= Records =
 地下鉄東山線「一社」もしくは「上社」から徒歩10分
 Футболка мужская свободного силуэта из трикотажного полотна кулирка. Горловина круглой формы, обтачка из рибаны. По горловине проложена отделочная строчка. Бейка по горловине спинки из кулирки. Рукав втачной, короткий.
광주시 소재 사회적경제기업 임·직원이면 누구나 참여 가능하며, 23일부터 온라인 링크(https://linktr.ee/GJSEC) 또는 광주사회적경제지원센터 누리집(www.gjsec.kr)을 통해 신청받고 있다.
* * *
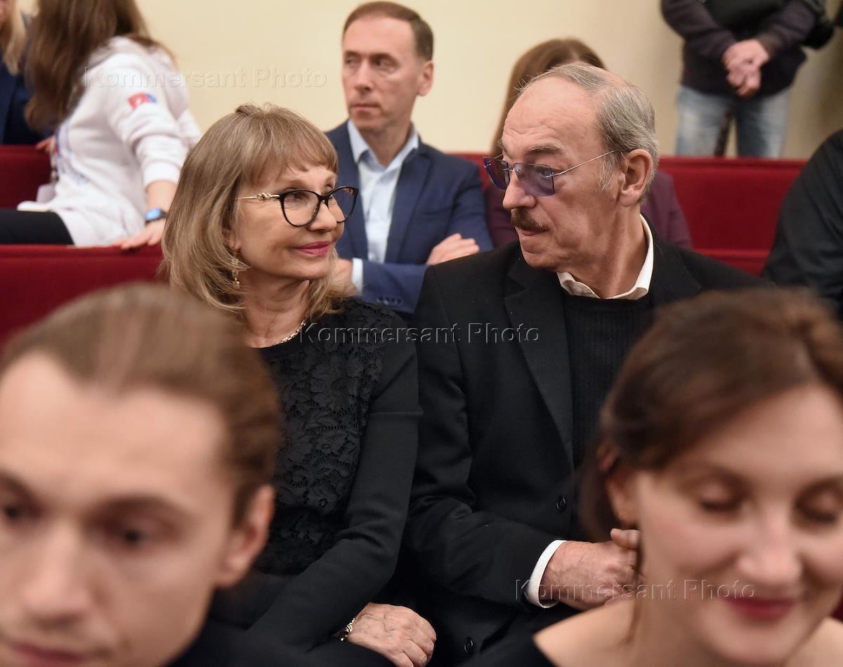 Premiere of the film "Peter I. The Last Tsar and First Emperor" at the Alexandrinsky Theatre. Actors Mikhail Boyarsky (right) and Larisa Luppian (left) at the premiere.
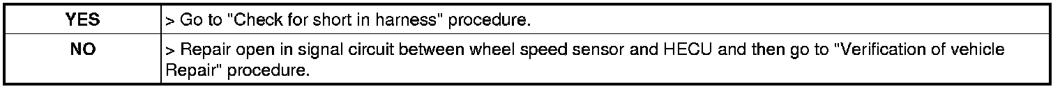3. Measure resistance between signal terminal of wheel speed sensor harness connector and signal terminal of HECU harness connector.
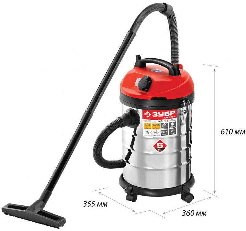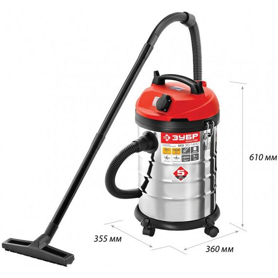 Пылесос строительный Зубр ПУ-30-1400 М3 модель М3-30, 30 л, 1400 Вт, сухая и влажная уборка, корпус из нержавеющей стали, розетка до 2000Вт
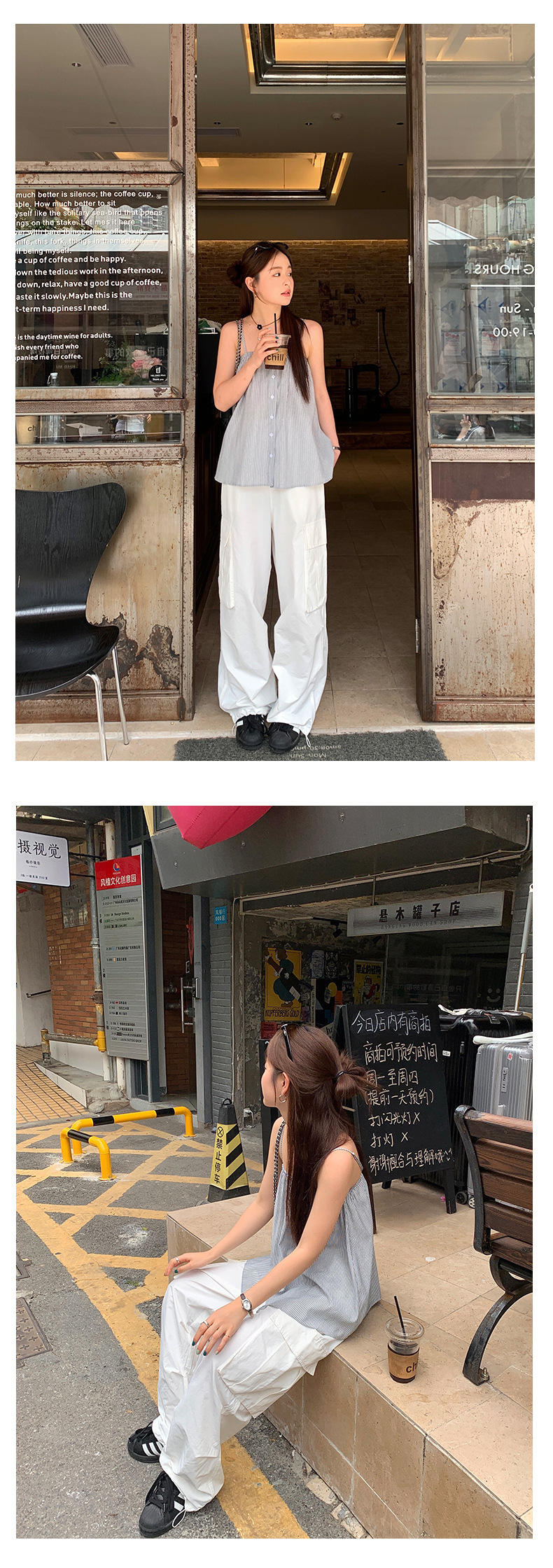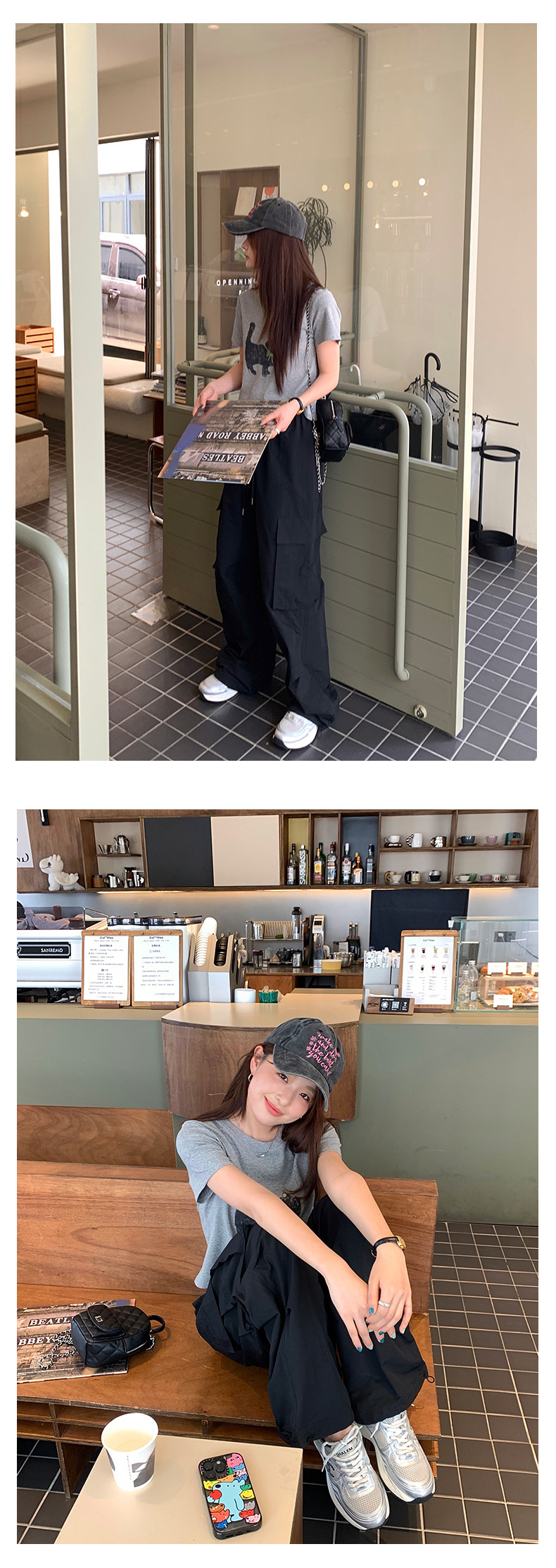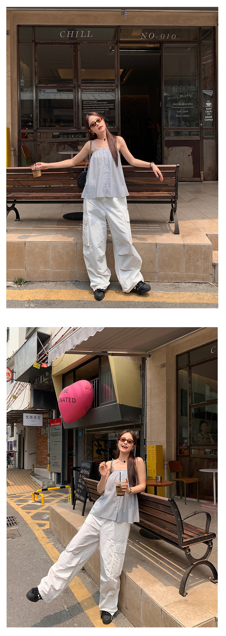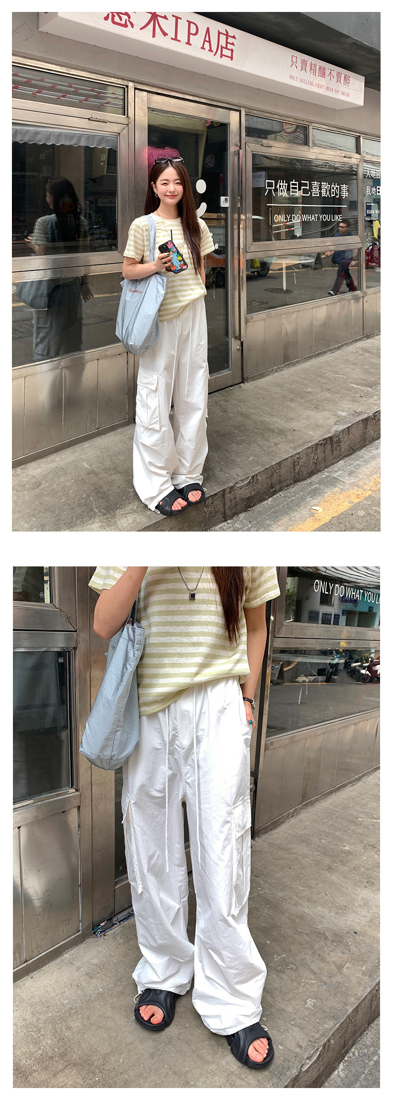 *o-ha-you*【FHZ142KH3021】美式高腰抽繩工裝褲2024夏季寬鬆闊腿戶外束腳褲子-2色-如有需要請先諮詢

= Instructions for the task =
Among the records above, extract exactly the lines from the line with "地下鉄東山線「一社」もしくは「上社」から徒歩10分" to the line with "광주시 소재 사회적경제기업", both lines included, and leave out the rest.

= Problem solution =
 地下鉄東山線「一社」もしくは「上社」から徒歩10分
 Футболка мужская свободного силуэта из трикотажного полотна кулирка. Горловина круглой формы, обтачка из рибаны. По горловине проложена отделочная строчка. Бейка по горловине спинки из кулирки. Рукав втачной, короткий.
광주시 소재 사회적경제기업 임·직원이면 누구나 참여 가능하며, 23일부터 온라인 링크(https://linktr.ee/GJSEC) 또는 광주사회적경제지원센터 누리집(www.gjsec.kr)을 통해 신청받고 있다.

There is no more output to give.